[[ DATA PROVIDED, beginning ]]

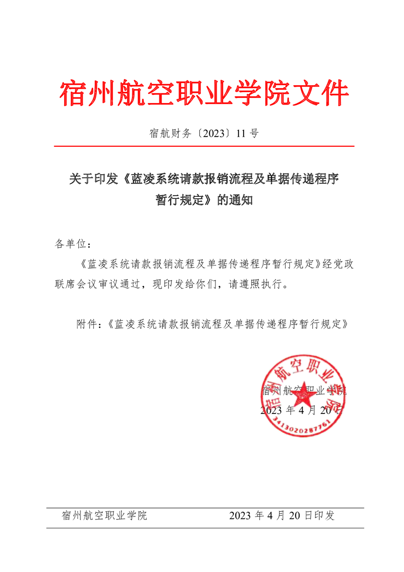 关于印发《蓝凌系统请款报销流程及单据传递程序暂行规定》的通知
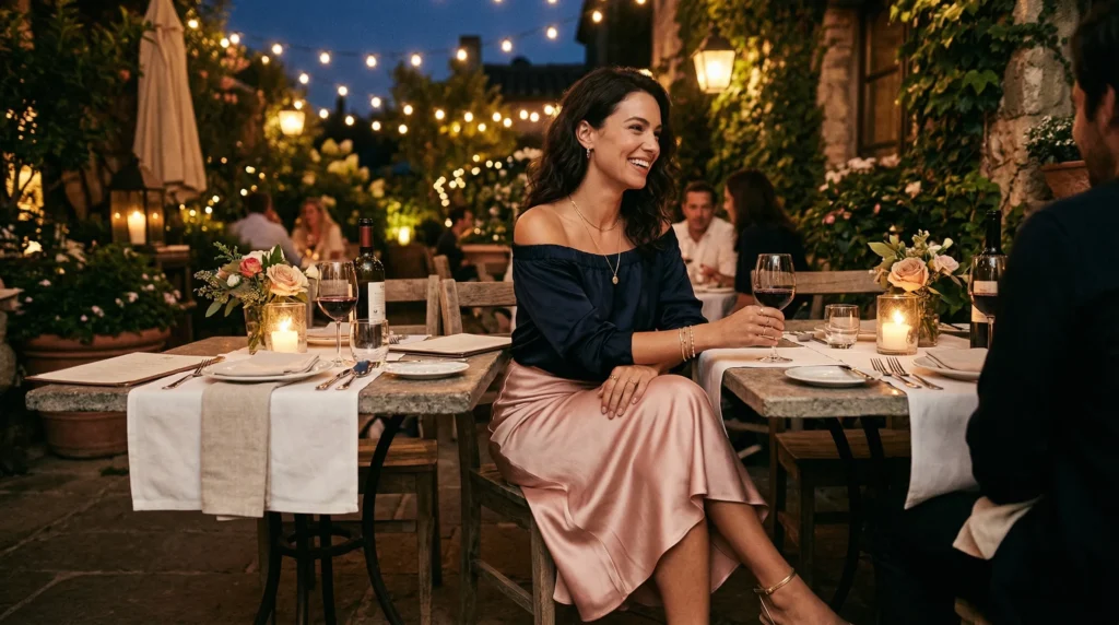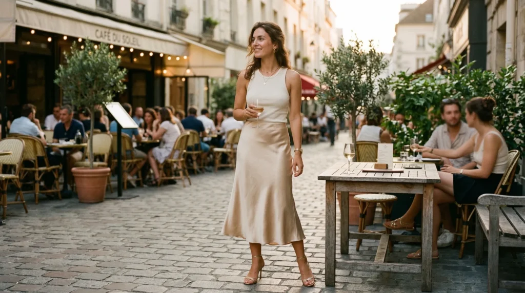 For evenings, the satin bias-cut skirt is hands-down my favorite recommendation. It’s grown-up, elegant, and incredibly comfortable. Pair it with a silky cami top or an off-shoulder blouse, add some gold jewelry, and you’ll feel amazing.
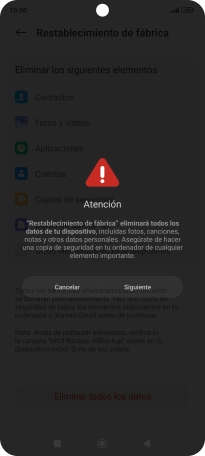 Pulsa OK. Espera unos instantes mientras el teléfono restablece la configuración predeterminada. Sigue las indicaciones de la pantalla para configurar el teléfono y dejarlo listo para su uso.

[[ DATA PROVIDED, end ]]

EXERCISE PROMPT: With the pictures removed, return the data above word for word.

RESPONSE TO THIS EXERCISE:
 关于印发《蓝凌系统请款报销流程及单据传递程序暂行规定》的通知
 For evenings, the satin bias-cut skirt is hands-down my favorite recommendation. It’s grown-up, elegant, and incredibly comfortable. Pair it with a silky cami top or an off-shoulder blouse, add some gold jewelry, and you’ll feel amazing.
 Pulsa OK. Espera unos instantes mientras el teléfono restablece la configuración predeterminada. Sigue las indicaciones de la pantalla para configurar el teléfono y dejarlo listo para su uso.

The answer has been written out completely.